§ **EXERCISE GOAL**: For this listing, reproduce the line with "В Управлении образования", the line with "Use our battle", and the lines between, exactly as they stand. Leave out pictures and all other lines.

§ **DATA SHOWN**:
--

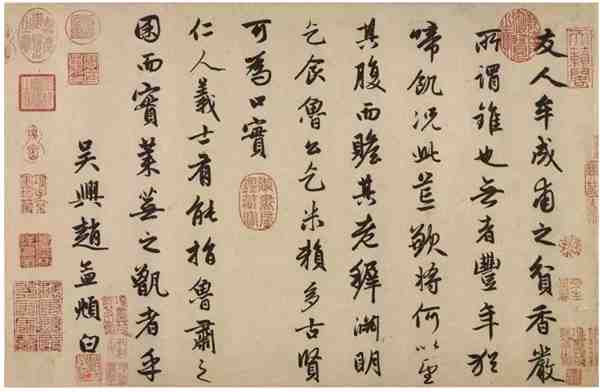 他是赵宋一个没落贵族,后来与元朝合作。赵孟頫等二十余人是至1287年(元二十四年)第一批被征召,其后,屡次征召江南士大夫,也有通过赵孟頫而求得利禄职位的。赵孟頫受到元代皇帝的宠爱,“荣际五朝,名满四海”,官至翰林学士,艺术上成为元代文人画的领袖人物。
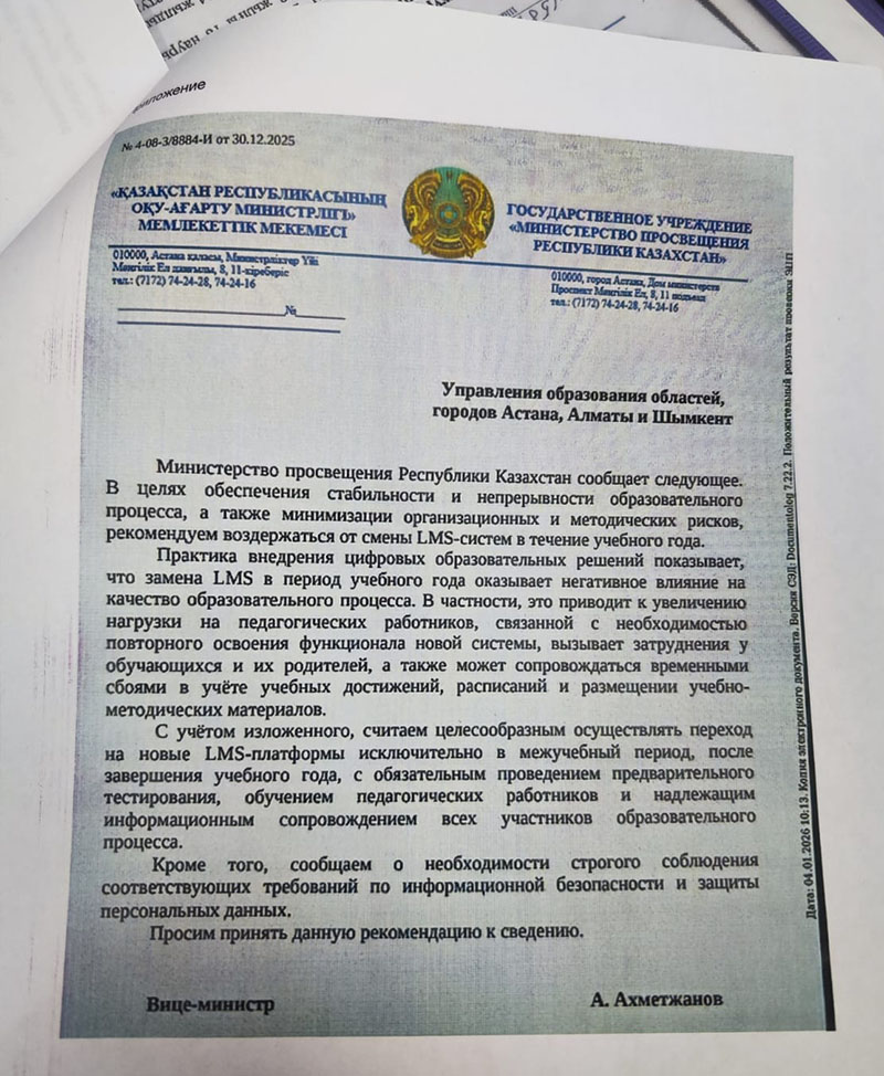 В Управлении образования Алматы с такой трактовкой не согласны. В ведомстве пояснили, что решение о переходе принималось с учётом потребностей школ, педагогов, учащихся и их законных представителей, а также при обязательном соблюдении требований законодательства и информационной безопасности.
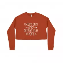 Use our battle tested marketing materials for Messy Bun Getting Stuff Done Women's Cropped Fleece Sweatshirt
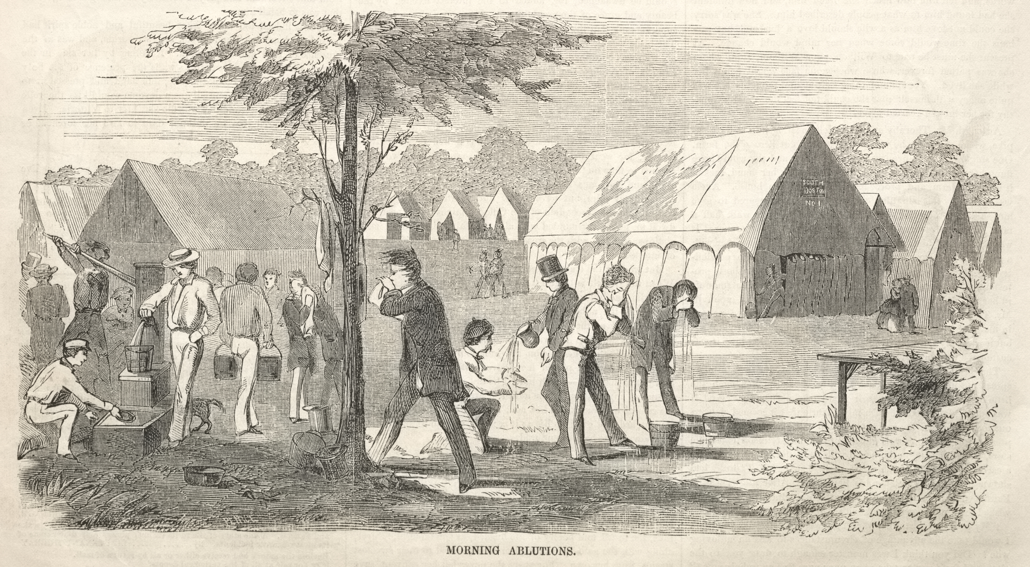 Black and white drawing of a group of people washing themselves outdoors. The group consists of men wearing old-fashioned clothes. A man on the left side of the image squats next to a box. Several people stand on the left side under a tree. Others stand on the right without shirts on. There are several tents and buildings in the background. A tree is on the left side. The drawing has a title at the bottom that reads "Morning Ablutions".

--

§ **YOUR SOLUTION**:
 В Управлении образования Алматы с такой трактовкой не согласны. В ведомстве пояснили, что решение о переходе принималось с учётом потребностей школ, педагогов, учащихся и их законных представителей, а также при обязательном соблюдении требований законодательства и информационной безопасности.
 Use our battle tested marketing materials for Messy Bun Getting Stuff Done Women's Cropped Fleece Sweatshirt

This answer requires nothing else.